Allow extending baseline phase by samsrabin · Pull Request #4951 · ESMCI/cime

samsrabin · 2026-03-20T21:07:02Z

Description

Adds a new SystemTestsCommon method, additional_baseline_generation(), which the user can implement to perform extra operations during baseline generation. For example:

The user might have performed postprocessing during RUN that generated files to be included in the baseline.
The user might want to copy all files from a certain history tape, not just the last one.

I also changed it so that the GENERATE_BASELINE status isn't marked as succeeding or failing until after logs are copied (and now also after additional_baseline_generation()).

I have used this code in development and it seems to work. ~~However, I haven't begun to think about adding CIME tests.~~ Some CIME unit tests have now been added.

Checklist

My code follows the style guidelines of this project (black formatting)
I have performed a self-review of my own code
My changes generate no new warnings
I have added tests that exercise my feature/fix and existing tests continue to pass
I have commented my code, particularly in hard-to-understand areas
I have made corresponding additions and changes to the documentation

… logs.

…baseline_phase() method.

codecov · 2026-03-20T21:38:16Z

Codecov Report

✅ All modified and coverable lines are covered by tests.
✅ Project coverage is 28.29%. Comparing base (82493b1) to head (824243a).
⚠️ Report is 169 commits behind head on master.

Additional details and impacted files

@@            Coverage Diff             @@
##           master    #4951      +/-   ##
==========================================
- Coverage   31.44%   28.29%   -3.16%     
==========================================
  Files         264      262       -2     
  Lines       38703    38390     -313     
  Branches     8390     8126     -264     
==========================================
- Hits        12172    10863    -1309     
- Misses      25291    26279     +988     
- Partials     1240     1248       +8

☔ View full report in Codecov by Sentry.
📢 Have feedback on the report? Share it here.

🚀 New features to boost your workflow:

❄️ Test Analytics: Detect flaky tests, report on failures, and find test suite problems.

billsacks · 2026-03-22T17:28:25Z

This seems like a useful extension – thanks, @samsrabin ! I have a couple of questions:

(1) It kind of feels like, if a test extends the generate phase, it would also want to extend the compare phase similarly. Do you agree? If so, should that extension point also be added here?

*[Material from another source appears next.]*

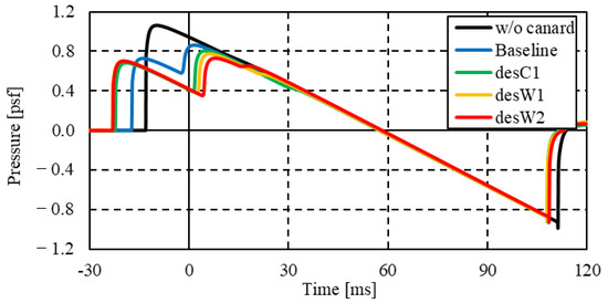The pressure signature on the ground for each configuration is shown in Figure 15. Only the w/o configuration had an N-shaped signature. It is a typical sonic boom waveform with a two-stage pressure jump [29]. Canard-wing-mounted configurations such as the Baseline, desC1, desW1, and desW2 configurations had two-stage pressure jumps at the leading boom. Furthermore, their pressure peak values were lower than those of the w/o canard configuration. The only difference between the w/o canard and Baseline (or desC1) configurations was the presence or absence of canard wings. This revealed that the canard wing could divide the leading boom into two stages and reduce its peak pressure.

(2) I'd be curious to see an example of how you imagine using this. No need to spend a lot of time putting something together if you don't have something yet, but if you have something already implemented or a specific use case already in mind, I'd be interested to see it. One reason I ask is because I think it could warrant some discussion as to which use cases are appropriate for this mechanism vs. possible other mechanisms.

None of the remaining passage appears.